Letras da Arábia - Passarinhos de Barro
Tudo é provisório e contagioso. Por isso é preciso livrar-se dessas almas penadas que escolheram fazer desta vida um vale de lágrimas. E fizeram para si a opção da amargura. É preciso livrar-se desses que não suportam um dia arrebentando de azul, uma brisa-vagão a transportar o cheiro de rosas como passageiro, o sol, a alegria.... É preciso livrar-se dos exatos, dos cartesianos de horário integral. Livrar-se dessas caras vincadas, desse rito no rosto de importância forjada. É preciso livrar-se dessas roupas limpas e dessas boas maneiras – embora nada se tenha contra as roupas limpas e a gentileza – desde que não obriguem à consciência pejada ou à carniça no coração. É preciso livrar-se, porque são doenças contagiosas.
Lá longe, estão os humildes, mas nem sempre a Humildade anda junto com o coração aberto. Quer-se os de coração aberto, por onde andarão os de coração aberto? Preferir-se-ia que fossem humanos e em estágio adulto. Mas tem-se procurado tanto e os de coração aberto vão ficando raros, os corações estão se fechando como a flor do mandacaru ao chegar seu tempo.
Quem serão os de coração aberto? Serão os passarinhos? Serão os loucos? Serão os inocentes? Serão os desimportantes? Serão os simplórios?
Ou serão, apenas e tão somente, as criancinhas da Rua do Céu, Pritinho, Nego da Luça, Zé do Zé Gerardo, Tuniquinho, aqueles enlameados e rasgados, os pequeninos fazedores de passarinhos de barro?
Tudo é provisório e contagioso. Se se continua cercado desses rostos amargos, dessas lacrimais enferrujadas, vai-se tornar assim também.
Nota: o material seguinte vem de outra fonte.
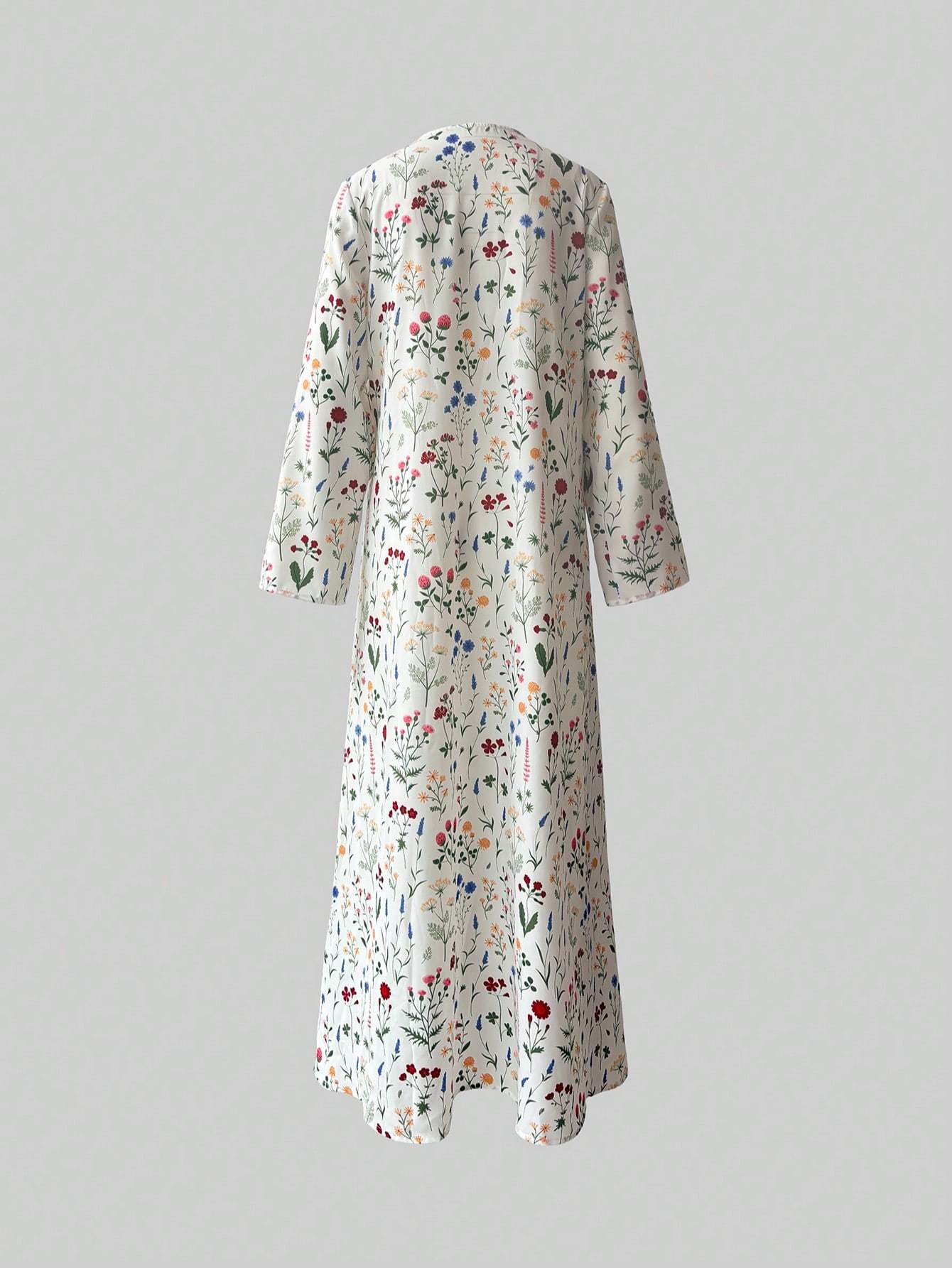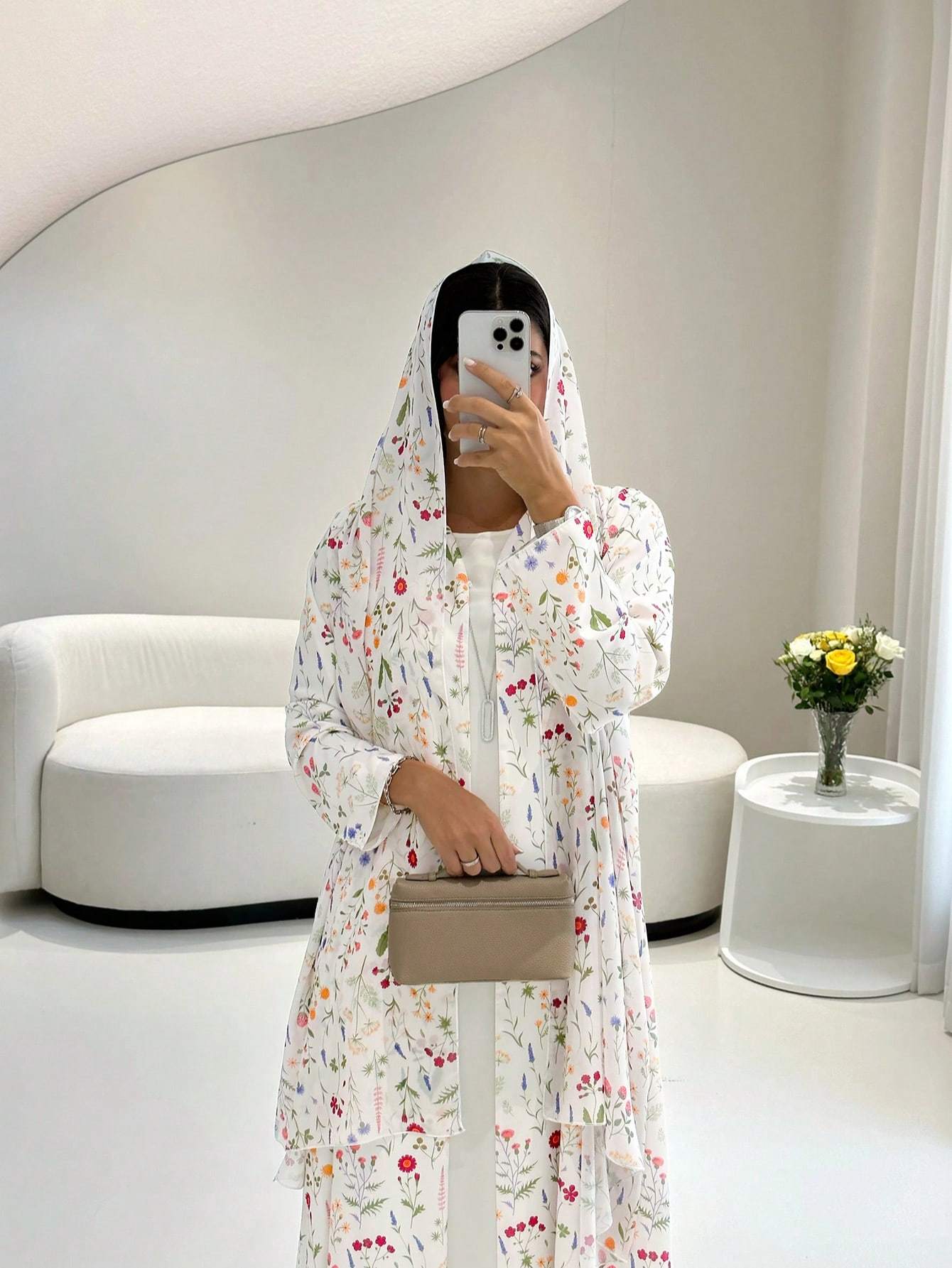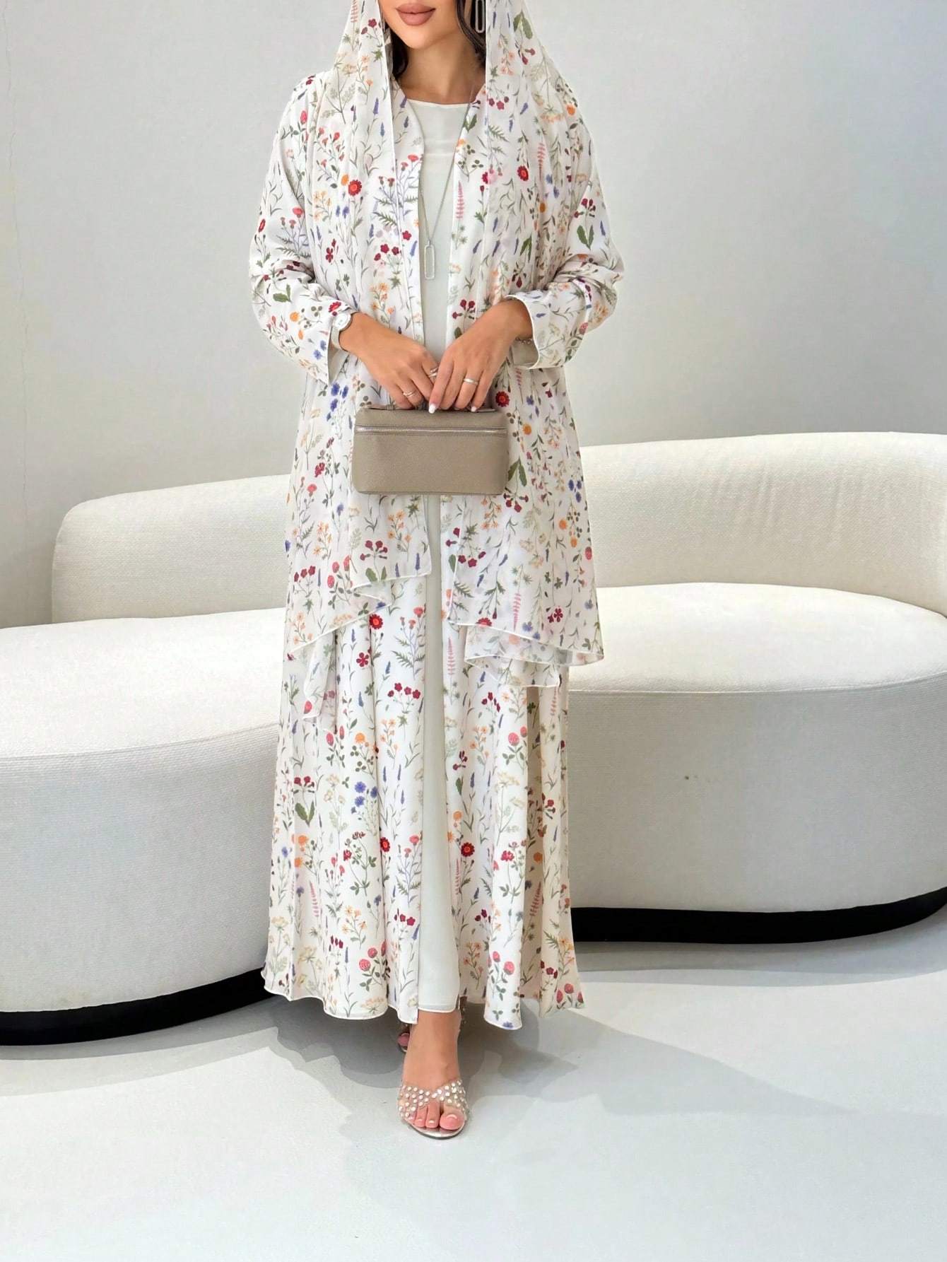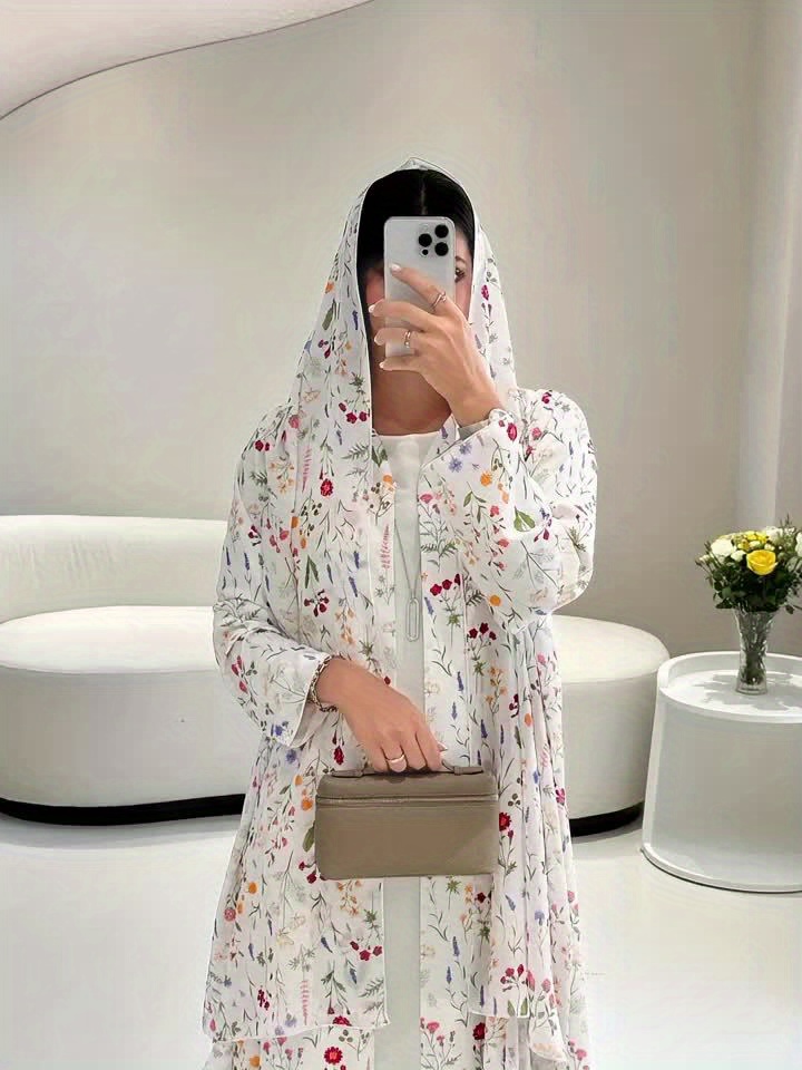 2pcs Elegant Open Abaya & Matching Headscarf Set - Floral Print, Long Sleeve, Loose Fit for Women - Ideal for Spring/Summer Outfits, Versatile Long Abaya|Floral Print Abaya|Traditional Abaya

É mister que se decida, é preciso SER – não SER ALGUMA COISA ou SER ALGUÉM – mas simplesmente SER. E, infelizmente, não por nosso gosto, deixar que essas almas penadas cumpram dolorosamente o seu calvário de viver.
Mas bem que podia ser tão diferente! Tão diferente, diferente !!!
Tão diferente!
E as lágrimas do mundo, duas espécies diversas, uma o oposto da outra.